We may make snapshot releases of the current stable branch available for download, and the latest sources are available from the git repositories.

Stable snapshot releases are named x.y.z.YYYYMMDD. where YYYYMMDD is the date of the sources from which the snapshot was built, and x.y.z+1 is the next release to be made on that branch. For example, 6.8.1.20040225 would be a snapshot of the 6.8 branch during the development of 6.8.2.

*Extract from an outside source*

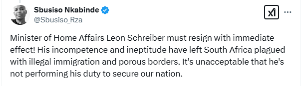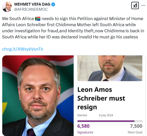 Some South Africans are calling for the removal of their Home Affairs Minister, Leon Schreiber, after Miss Universe First Runner-Up 2024, Chidimma Adeshina was spotted in Cape Town.

The value of __GLASGOW_HASKELL__ for a snapshot release is the integer ⟨xyy⟩. You should never write any conditional code which tests for this value, however: since interfaces change on a day-to-day basis, and we don’t have finer granularity in the values of __GLASGOW_HASKELL__, you should only conditionally compile using predicates which test whether __GLASGOW_HASKELL__ is equal to, later than, or earlier than a given major release.

We may make snapshot releases of the HEAD available for download, and the latest sources are available from the git repositories.

Unstable snapshot releases are named x.y.YYYYMMDD. where YYYYMMDD is the date of the sources from which the snapshot was built. For example, 6.7.20040225 would be a snapshot of the HEAD before the creation of the 6.8 branch.

The value of __GLASGOW_HASKELL__ for a snapshot release is the integer ⟨xyy⟩. You should never write any conditional code which tests for this value, however: since interfaces change on a day-to-day basis, and we don’t have finer granularity in the values of __GLASGOW_HASKELL__, you should only conditionally compile using predicates which test whether __GLASGOW_HASKELL__ is equal to, later than, or earlier than a given major release.

The version number of your copy of GHC can be found by invoking ghc with the --version flag (see Verbosity options).

The compiler version can be tested within compiled code with the MIN_VERSION_GLASGOW_HASKELL CPP macro (defined only when -XCPP is used). See Standard CPP macros for details.